The focus of the green paper is largely on supporting people who have fallen out of work due to disability/ill-health to return to the workforce (if they are able to and want to). Sadly, for many who do want to get back to work, the majority of people who have been out of work for more than 6 moths never return so we, and many others involved, are calling for early intervention to support people who fall out of work. Return to work support is vitally important and yet we are a little disappointed that the joint Work and Health Unit and consequently this green paper has not addressed more fully the ways to support those already in work to remain in employment. Staying in work, with adaptations to work hours or the working environment that make it possible to carry on with your life despite your long-term condition is hugely important to people with RA/JIA and we hear this on a regular basis from callers to our helpline and through our social media platforms. There have been some inferences in social media that people who can’t work are being forced back to work. This is certainly not our experience having worked with the Joint Work and Health Unit in recent months. It’s about helping people back to work who want to get back to work but are struggling to find a way and supporting those in work who may be worried about being able to stay working, remain in employment for as long as they are able and want to.

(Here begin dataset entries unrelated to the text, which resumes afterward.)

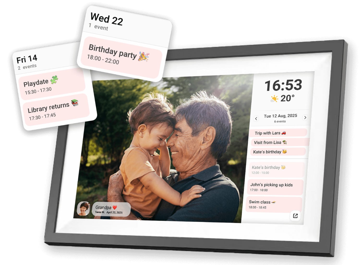 Die Einrichtung der neuen Funktion gestaltet sich unkompliziert: Über die Frameo-App auf dem Smartphone lässt sich ein bestehender Kalender, etwa von Google oder Outlook, in wenigen Schritten verbinden. Eine schrittweise Anleitung führt durch den Prozess, so dass der eigene Zeitplan innerhalb kürzester Zeit synchronisiert wird. Änderungen, die anschließend auf dem Smartphone vorgenommen werden, werden in Echtzeit auf dem Frameo aktualisiert.
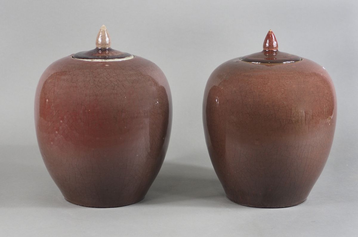 Coppia di vasi orientali a boccia con coperchi. H. cm. 26.
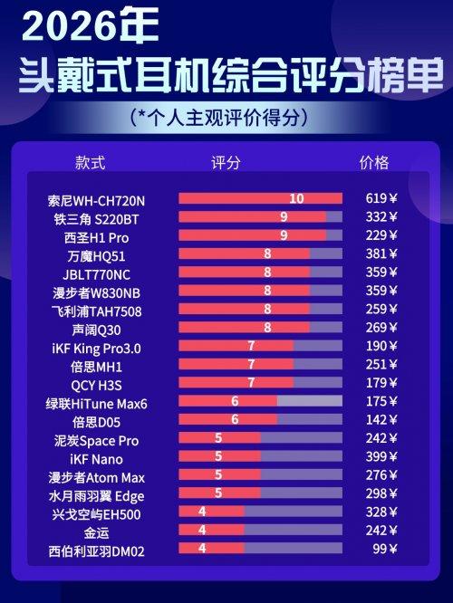 对数码发烧友和爱琢磨音乐的人来说,头戴式耳机早不只是通勤路上、宅家追剧的 “刚需品”,更是能让人一头扎进音乐细节里的 “专属入口”—— 闭上眼就能听清吉他弦的摩擦声、歌手的换气尾音,这种沉浸感没它可不行,那么性价比最高的头戴式耳机是哪款?2026 年的耳机市场更是卷得飞起,各大品牌都在较劲:你升级降噪深度,我就优化音质解析;你延长续航,我就加智能触控。但要说真正能把音质、实用性捏得恰到好处,不偏科的 “全能选手”,还得看头戴耳机性价比高排行前十。今天我跳跳就从技术参数(比如降噪深度、延迟毫秒数)、场景适配(通勤抗风噪、办公隔干扰)到用户真实口碑,一层层扒透这些耳机的好坏,帮你避开 “听着还行戴得疼”“参数好看用着糟” 的坑,精准找到能戳中你需求的 “心头好”。
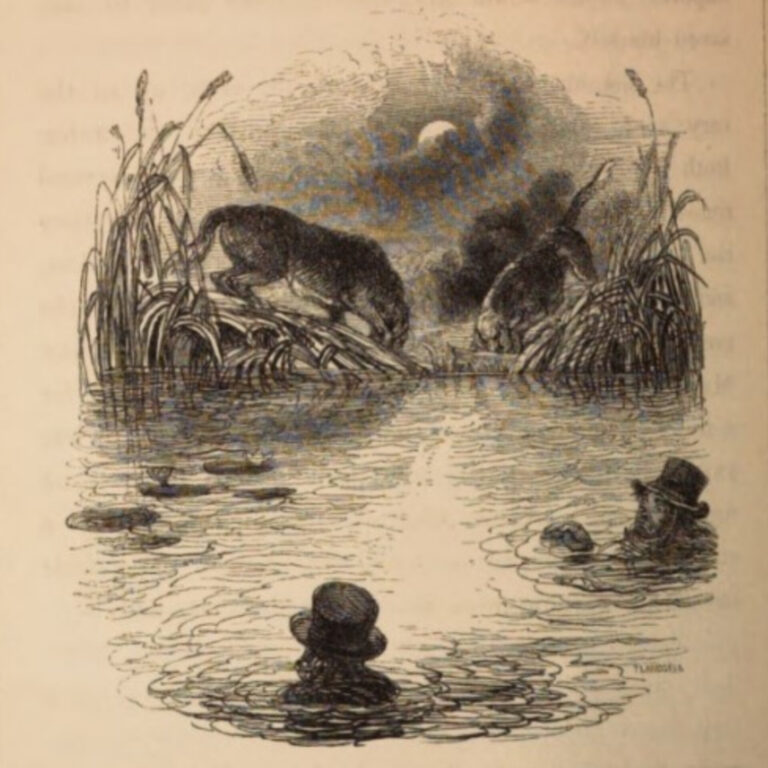 Their situation was dreadful. The sweat burst from the brow of each in large and fearful drops, — their knees were inclined to refuse their office, — their breath was thick and quick, and their hearts beat with terror. But, although the occasion was trying, each one held off despair at full arm’s length. The cry of the hounds was deeper and nearer. “They are coming, — follow me!” said the wily and desperate keeper. He walked cautiously into the water at a known point, closely followed by the poacher, who, amid all his numerous adventures, had never encountered anything like this. The keeper waded until the water reached his neck; and there he stood as mute as a fish. His companion, being of shorter stature, could not advance so far, and therefore was obliged to keep nearer the bank. The ripple that found its way to the shore was never curled with a more fearful import. Either would have sacrificed the other to have saved himself.
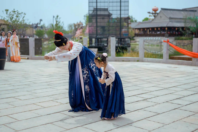 在汉服秀中,主持人还邀请了观众席的小朋友们上台学习古代礼仪,不少身穿汉服的小朋友争相跑到台上,跟着老师有模有样的学着,观众席上的业主也不由自主的学了起来。就这样,大家都学会了古代最常见的一种礼仪:万福礼。见面问好,祝颂万福。
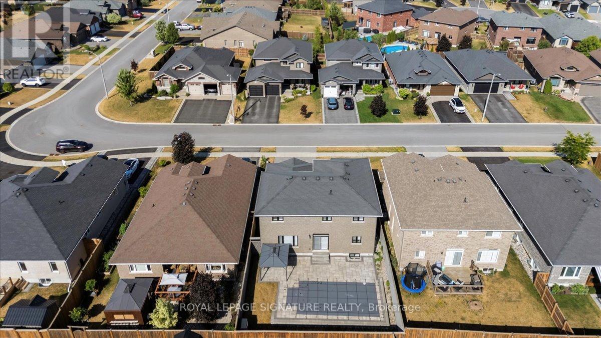 An impressive upgraded family home, with a Heated In-ground saltwater pool, over 3,500 sqft of beautifully finished living space, and an exceptional Staikos-built design make this beautifully upgraded family home in Belleville's highly desirable Thurlow Ward truly stand out. Combining upscale finishes, thoughtful design, and resort-style outdoor living, this home is ideal for modern family living.Step inside to discover hardwood flooring throughout and a layout designed for comfort and functionality. The gourmet kitchen serves as the heart of the home, featuring quartz countertops, stainless steel appliances, a gas stove, wine cooler, and an impressive walk-in pantry rarely found in homes of this calibre.The main level includes a private office that can easily function as a fifth bedroom. Upstairs you'll find four generously sized bedrooms along with the convenience of second-floor laundry. The professionally finished basement provides outstanding flexibility with an additional bedroom, full bathroom, kitchenette, and expansive living area ideal for an in-law suite, guest retreat, or home gym. The home also features a central vacuum system with convenient dust collection points in the mudroom, under the kitchen sink, and in the second-floor laundry room.The fully landscaped backyard is designed for entertaining and relaxation, complete with the heated in-ground saltwater pool, interlock patio with covered seating area, gazebo, and gas BBQ hookup. A high-ceiling garage, paved driveway, and interlock front entry enhance the home's strong curb appeal.Ideally situated just five minutes from Highway 401, within walking distance to a 5-acre park and playground, and close to the Quinte Sports & Wellness Centre, Bay View Mall, and Quinte Mall. Surrounded by highly regarded public and Catholic schools and minutes from prestigious Albert College, this location offers both convenience and community. Don't miss your chance to make it yours. (id:64974)
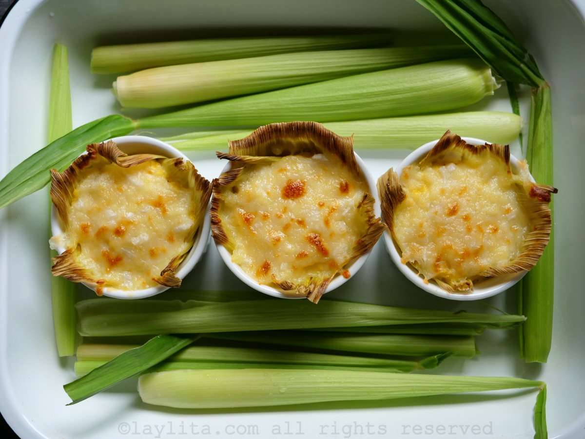 - Place the ramekins in rectangular baking dish filled with water, the water should reach about ½ to ¾ of the height of the ramekins. If you have extra corn leaves/husks you can add a few to the water, it will them that special humita smell when they cook.

One of the suggestions within the Green Paper that may help support ‘staying in work’ is a shake-up of the current system of GP fit-notes. It is widely believed that the current binary system of either being fit or unfit to work with no grey area in-between is totally inappropriate for the modern workplace and the lives of those with long term conditions. The Employment & Support Allowance (ESA) and, in particular, the means of deciding who is eligible for each component of it, the Work Capability Assessment (WCA), is agreed to also be too narrow in its outlook. The government seeks answers on how to reform the WCA to better capture the spectrum of experience of people with disabilities but it is worth emphasising that this is only one part of a much broader consultation and we need to consider all aspects of the Green Paper in addressing the questions asked.

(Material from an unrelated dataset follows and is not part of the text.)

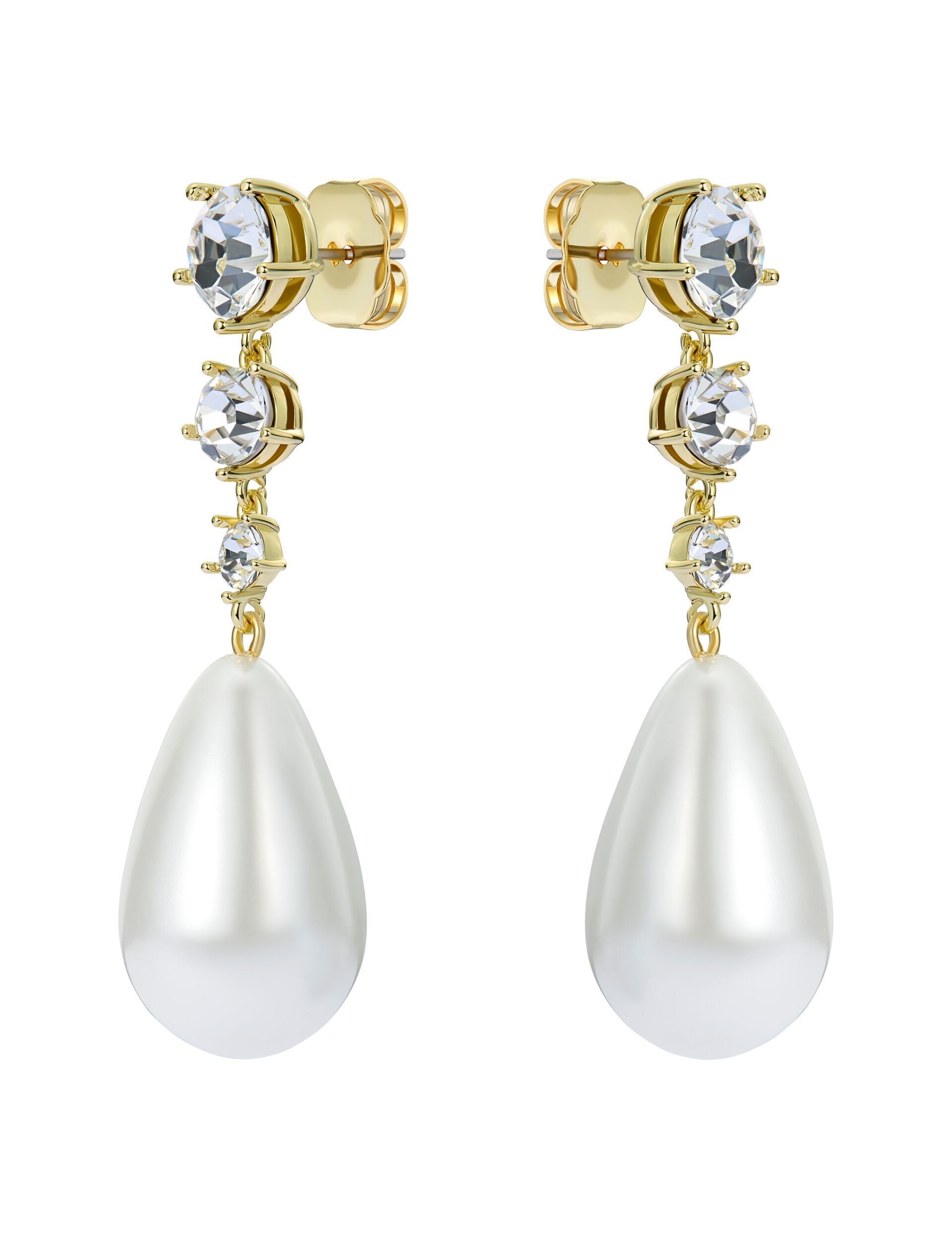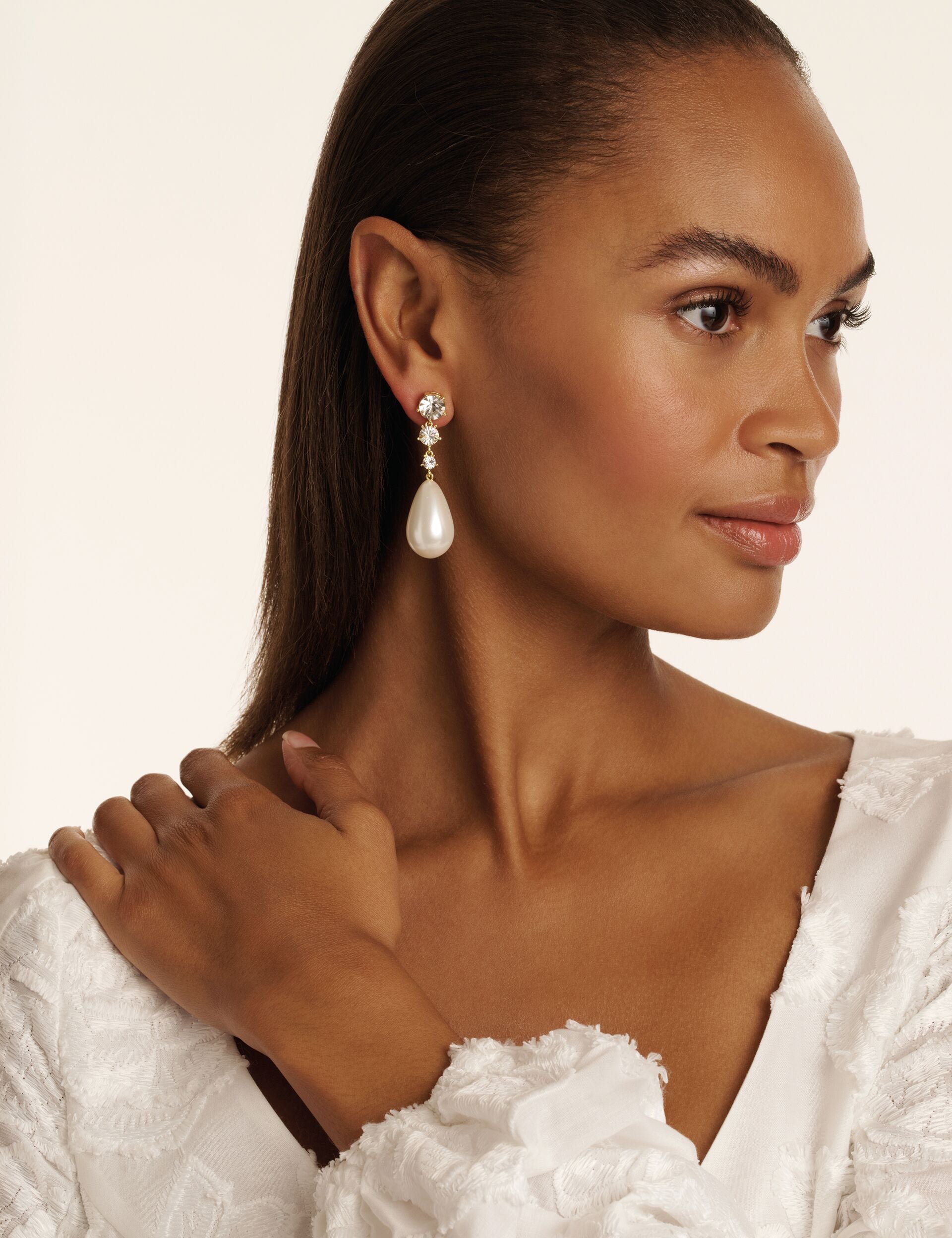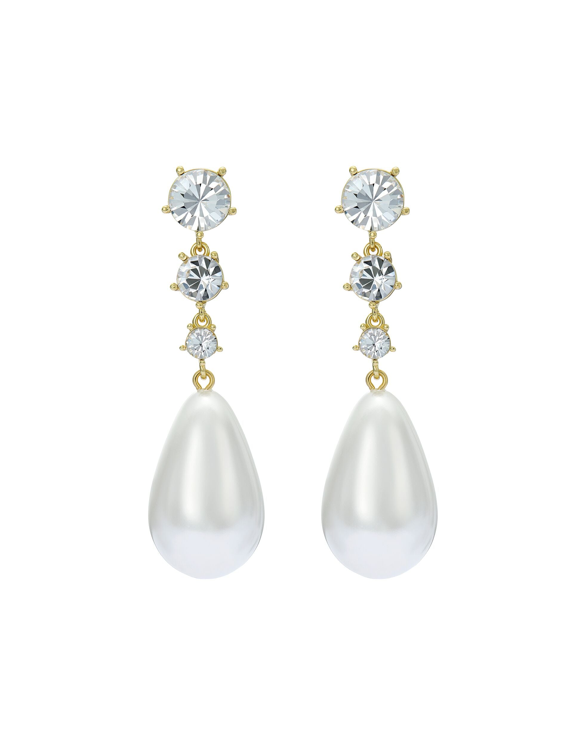 Accessorise to the nines with these PEARSTI statement earrings. A teardrop-shape faux pearl is suspended from a row of crystal stones for the perfect balance of elegance and sparkle.
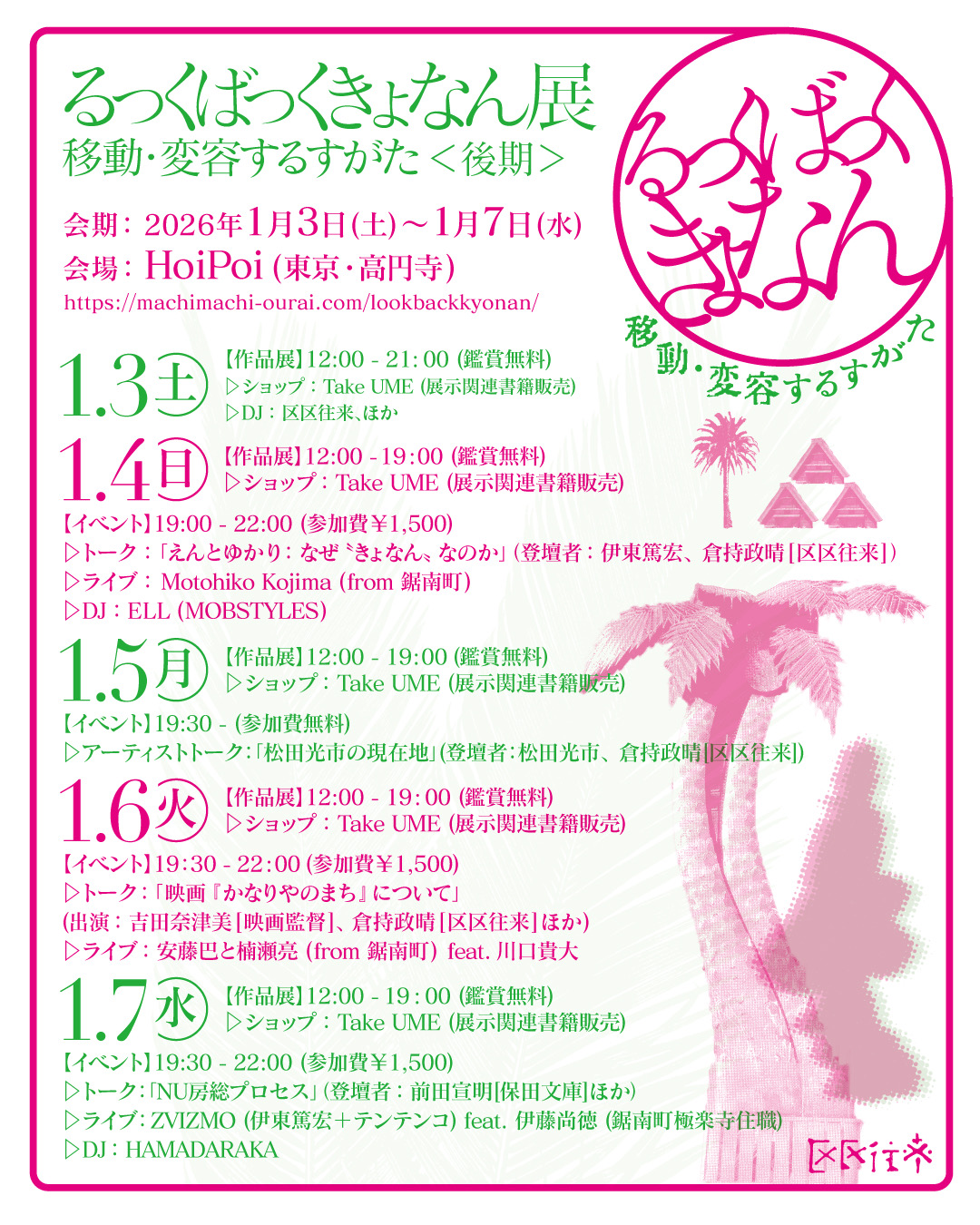 ▷トーク:「えんとゆかり:なぜ〝きょなん〟なのか」(登壇者:伊東篤宏、倉持政晴[区区往来]

Once the consultation is complete, it will be for the government with the help of the Work and Health Unit and its Expert Advisory Group, to decide next steps. Employers may consider legislation of any kind to be heavy handed but it would not be out of step with the statements made by Theresa May in her first few days as Prime Minister when she made clear she was not afraid to challenge employers. It is fair to say that there is no shortage of ‘guidance’ on best practice and something more concrete may be needed to effect real change, especially in small/medium sized employers (SMEs) who sometimes struggle to commit resource to make changes to support disability in the workplace. The responses from people with disabilities and long term conditions to this consultation will inform the government about how far the current system of soft-nudging works and whether they should be pursuing more active measures.

The consultation will last until mid- February, we will update you on the ways in which you can respond as soon as possible, at which time we would encourage as many as possible who are directly affected, to participate in this important consultation. NRAS will of course be submitting a response on behalf of all affected by RA and adult JIA and we shall be seeking your help and input in due course and will let you know more about how you can get involved very soon. In the meantime, we are here to help anyone who may have queries about the process so that as many with RA/JIA can make their views and their voice heard.